For travellers with upcoming journeys touching Dubai or other Gulf hubs, the latest information points to a fragile and uneven recovery. Many flights are operating, but timetables are subject to adjustment as airlines re-optimise networks around open corridors and evolving safety advisories. Extended flight times of two to five hours on some Europe to Asia routes remain common where aircraft cannot yet take the most direct path over Iran and its neighbours.

Travel industry guidance indicates that passengers should continue to plan for disruption even during the ceasefire window. Same-day schedule changes, aircraft swaps and re-routed connections are still occurring as carriers fine-tune operations and respond to any renewed military activity. Those travelling on tightly timed itineraries, including cruise departures or onward domestic legs, may need to allow more buffer time than usual.

Fare patterns are also being watched closely. Analysts have previously warned that sustained detours and higher fuel burn could translate into higher ticket prices if the conflict drags on.
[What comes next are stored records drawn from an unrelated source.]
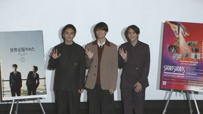 俳優でアーティストの北村匠海さん、俳優の萩原利久さん、藤堂日向さんが「ショートショート フィルムフェスティバル & アジア 2024 秋の国際短編映画祭(SSFF & ASIA 2024)」の『世界征服やめた』ワールドプレミア上映イベントに登壇しました。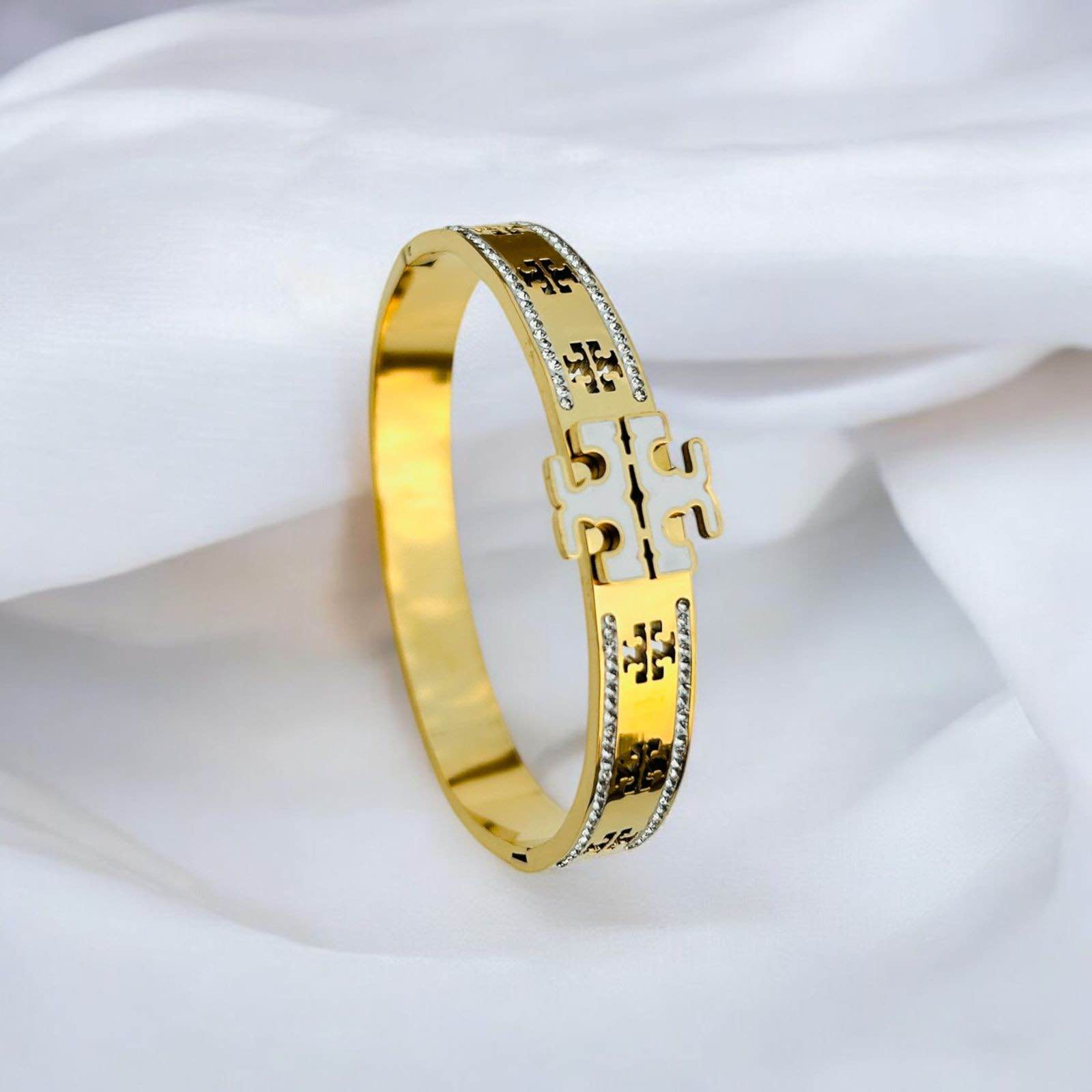 This sleek bangle showcases the strength and style of stainless steel. It’s a modern and durable accessory that effortlessly elevates your look with a touch of sophistication.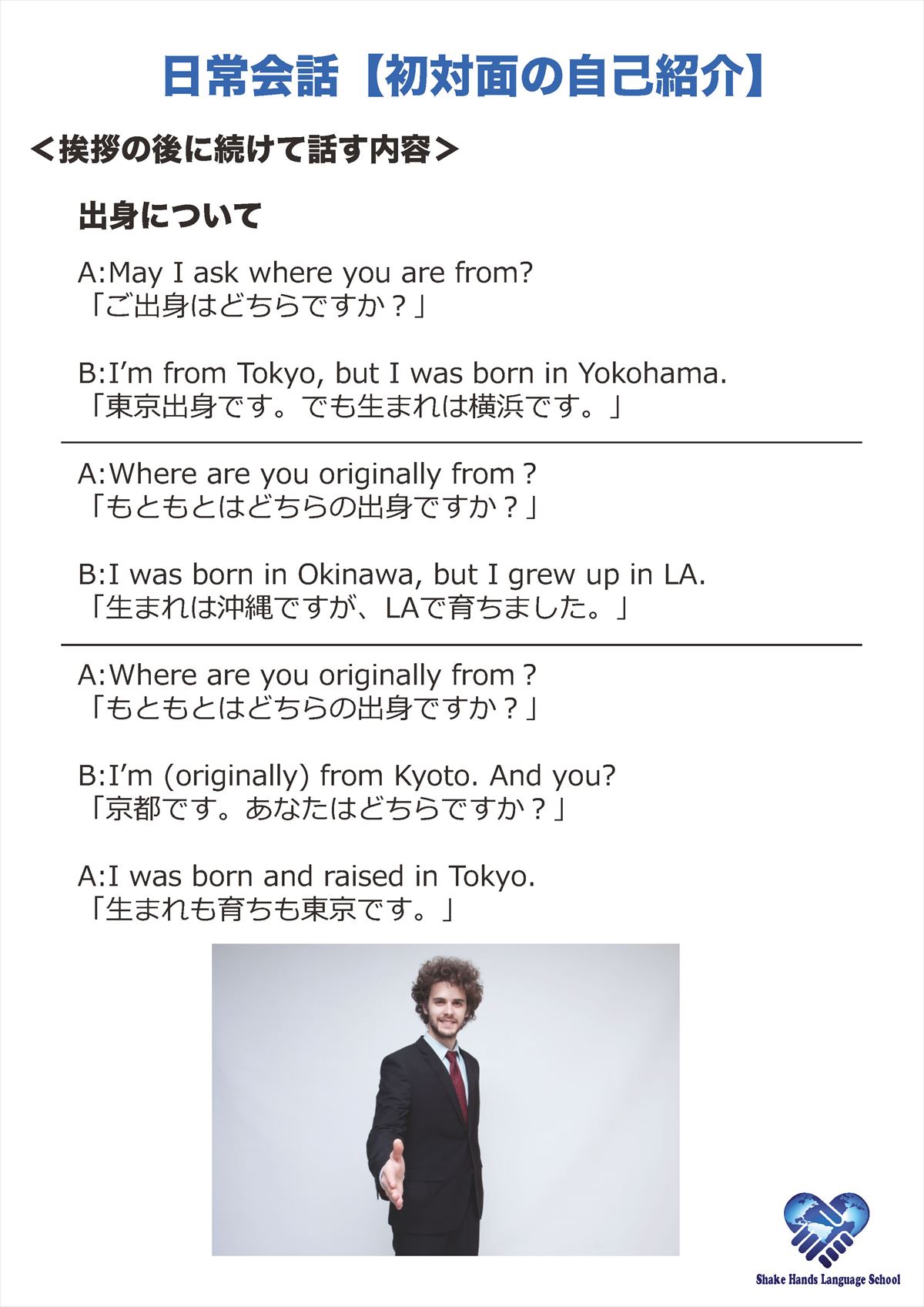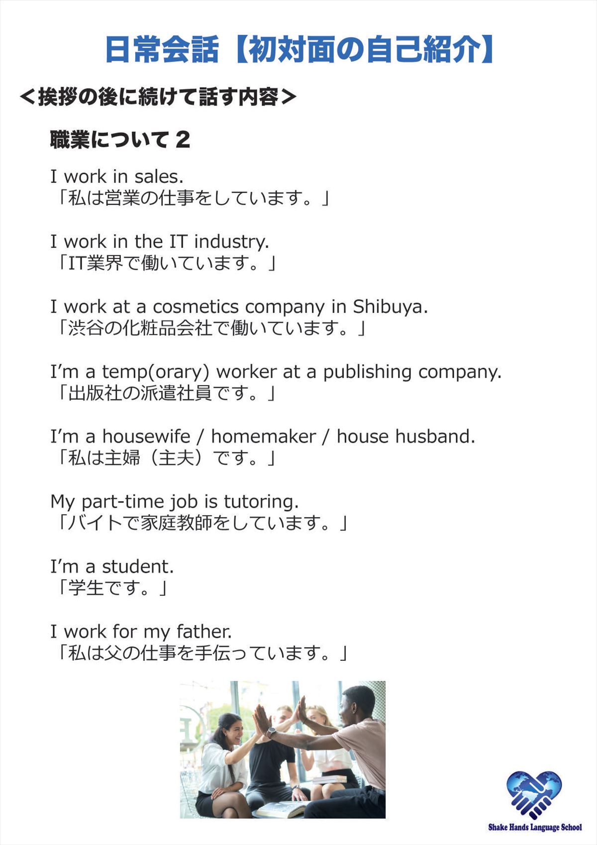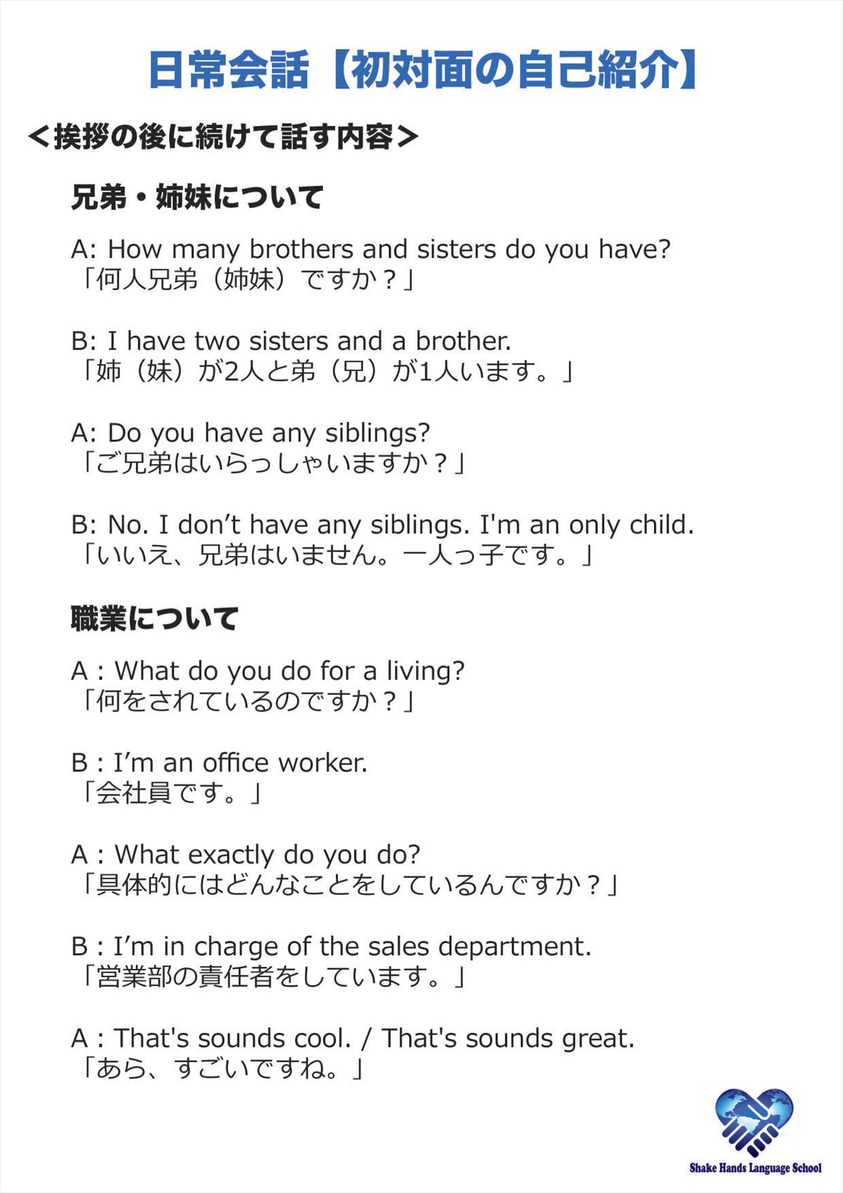 日常会話初級者コース(自己紹介での会話文編)

The drop in oil prices following the ceasefire has temporarily eased that pressure, but the underlying cost and complexity of avoiding closed or risky airspace remain significant for airlines that rely on Dubai and other Gulf hubs as crossroads between continents.

With the ceasefire initially limited to two weeks, aviation observers emphasise that the outlook for Dubai and Middle East flights hinges on whether negotiations extend calm beyond that window. Until there is clearer evidence of a lasting settlement, airlines are likely to keep contingency plans in place, and travellers will need to remain flexible as the region’s skies gradually reopen.